Оказывается, этот вечер состоится завтра, и «предметом» посвящения среди других будет Оля, высокая девочка в очках. Сейчас все не то всерьез, не то в шутку (этих молодых не поймешь!) обсуждали ритуал посвящения, а главное, спорили, надо ли отрезать роскошную Олину косу. Выяснилось, что со времен Софьи Ковалевской и Марии Склодовской-Кюри крупных ученых с косою не было.

– Так какой же смысл лишаться ей этого преимущества! – темпераментно протестовал Вартан. – Милая Оля, – и он ободряюще обнял ее своими волосатыми ручищами за плечи, – стой насмерть! На меньшее, чем эти дамы были в науке, тебе никак нельзя соглашаться. Никак!

У всех были серьезные, озабоченные лица, и только острое с лисьей хитринкой Олино лицо выражало легкомысленную веселость. Она стреляла прищуренными глазками через стекло красивых очков, словно отбивалась от наседавших на нее молодых щенков. Ивану Матвеевичу показалась забавной эта игра-розыгрыш. Он и сам любил участвовать в подобных играх, но сейчас игра шла по каким-то непонятным правилам, и старик только с любопытством глядел и слушал, как шел этот искусный охотничий гон, где Оля была зверюшкой, которую обложили со всех сторон.

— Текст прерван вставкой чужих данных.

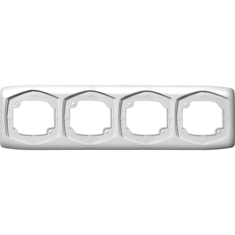 Szerelvények sorolásához alkalmazható vízszintes keret süllyesztett, 4-es kivitelben. IP20 védelemmel rendelkezik. Fehér színben kapható. Anyaga: műanyag.

Нет, эти игрища молодых уже не для него, не для дряхлеющего тела, хотя дух, нестареющий его дух протестует и не соглашается. Физические силы уходят стремительнее, чем духовные. Значит, что-то тут не так. Мудрая природа не могла допустить такого большого разрыва. Получилась промашка в самой человеческой жизни. Люди запрограммированы жить дольше, и сама среда их обитания, или, как говорят молодые и беззаботные «Леонардо», качество жизни, уродливо укорачивает человеку годы. С ясной, умной и здоровой памятью, только-только став подходить к вершине своего развития, человек не может уходить из жизни. В нем должно все угасать покойно и равномерно, как угасает осенью природа, как догорает костер…

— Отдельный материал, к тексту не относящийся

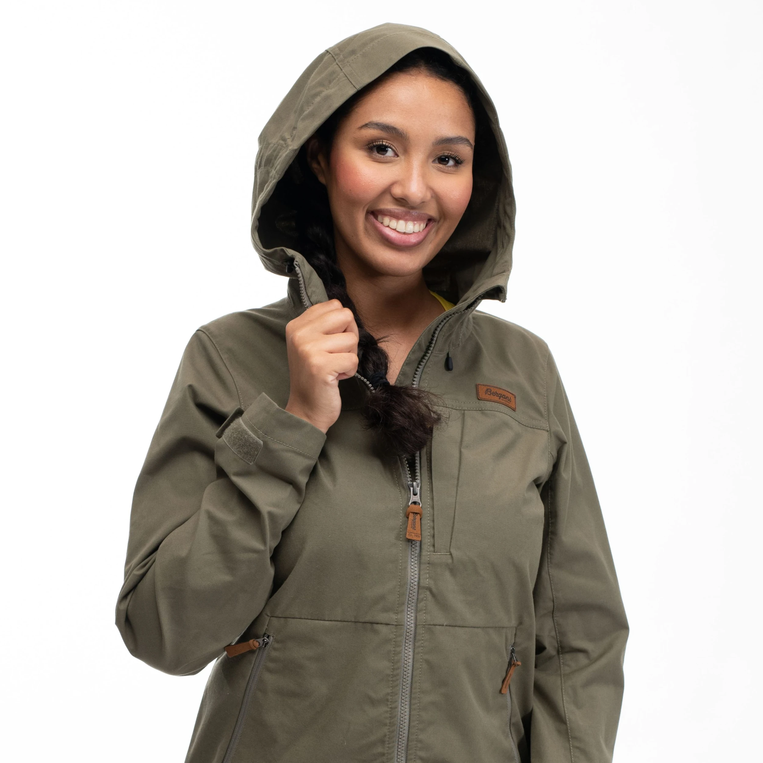 Nordmarka Leaf Light Wind Jacket ser umiddelbart klassisk og retro ut, men ved nærmere øyesyn vil du oppdage et plagg som er teknisk og moderne ned til minste detalj. Det første du legger merke til, er den myke følelsen til det PFAS-frie materialet, som er en blanding av resirkulert polyester fremstilt av PET-flasker, og økologisk bomull. Deretter vil du oppdage den lave vekten og den høye graden av komprimerbarhet, som gjør at plagget er enkelt å pakke og tar svært liten plass i sekken. En justerbar hette er alltid kjekt å ha når vinden blåser fra alle kanter. Det samme gjelder de romslige frontlommene, som har plass til både det du trenger og til å varme hendene i.

А пока совершается величайшая несправедливость. Возможно, эти молодые там, в двадцать первом веке, и попадут на праздник отмены несправедливости. Через двадцать лет они войдут в пору своей духовной зрелости, а это уже случится в в третьем тысячелетии, и тогда, наверное, не будет этого оскорбляющего разрыва между телом и духом, придут гармония и согласие. Человека не станут мучить болезни. Он будет уходить из жизни естественно и легко, как путник, одолевший перевал, с сознанием, что прошел свою вершину.

Эти мысли придавили Митрошина, и он никак не мог от них отбиться. Он знал расхожие, повторяемые всуе людьми слова «умирать не хочется никому», но они были про кого-то другого, а не про него, и он тоже повторял их вслед за другими. Но вот теперь, когда постоянная, неусыпная боль стала все злее и нещаднее рвать и разламывать тело, Иван Матвеевич почувствовал и понял в этих словах совсем другой, только одного его касающийся смысл. Это ему, а не кому-то вообще надо уходить из жизни, уходить не из дома, не переезжать в чужой город, к чужим людям, а отправляться навсегда, чтобы никогда уже больше не вернуться, чтобы никогда больше не быть. О, это совсем другое, не то суетное, о чем мы обычно думаем и что делаем! Совсем не то…

Мысли не отпускали Ивана Матвеевича и тогда, когда кончилось чаепитие и вся компания пошла провожать его к метро. Он шел сначала с Витой, и та, пряча личико в большой пушистый воротник дубленки, говорила ему, как у них со Стасем «все еще так неопределенно и все враздрай» (придумывают же слова!); Иван Матвеевич слушал ее жалобы, а сам думал: «Мне бы ваши заботы, славные вы мои человеки. Мне бы…»

А потом, перед самой станцией метро «Университет» к ним подошел Стась, и они начали говорить все втроем про его родителей.

– Какие же слова передать от тебя? – спросил Митрошин, стараясь отвязаться от своих тягучих и тяжелых мыслей, и они вроде бы отошли, когда Стась Буров заговорил.

– Передавайте, что все у меня хорошо. – Он глянул на Виту. Та не подняла головы, продолжая прятать лицо в воротник. Подождал, не скажет ли она что, и добавил: – Вы видели наше житье-бытье. Скажите, что все в порядке. – Он еще раз взглянул на Виту, теперь уже склонившись к ней: – Правда, Вита, у нас все в порядке?

Девушка молчала, потом, словно очнувшись, вздохнула:

– Правда…

В ее вздохе Митрошин почувствовал застарелую боль и порыв сказать еще что-то; его опять обступили собственные трудные мысли, и все размолвки и неурядицы этих молодых, которым еще жить и жить, показались не столь уж мелкими и смешными.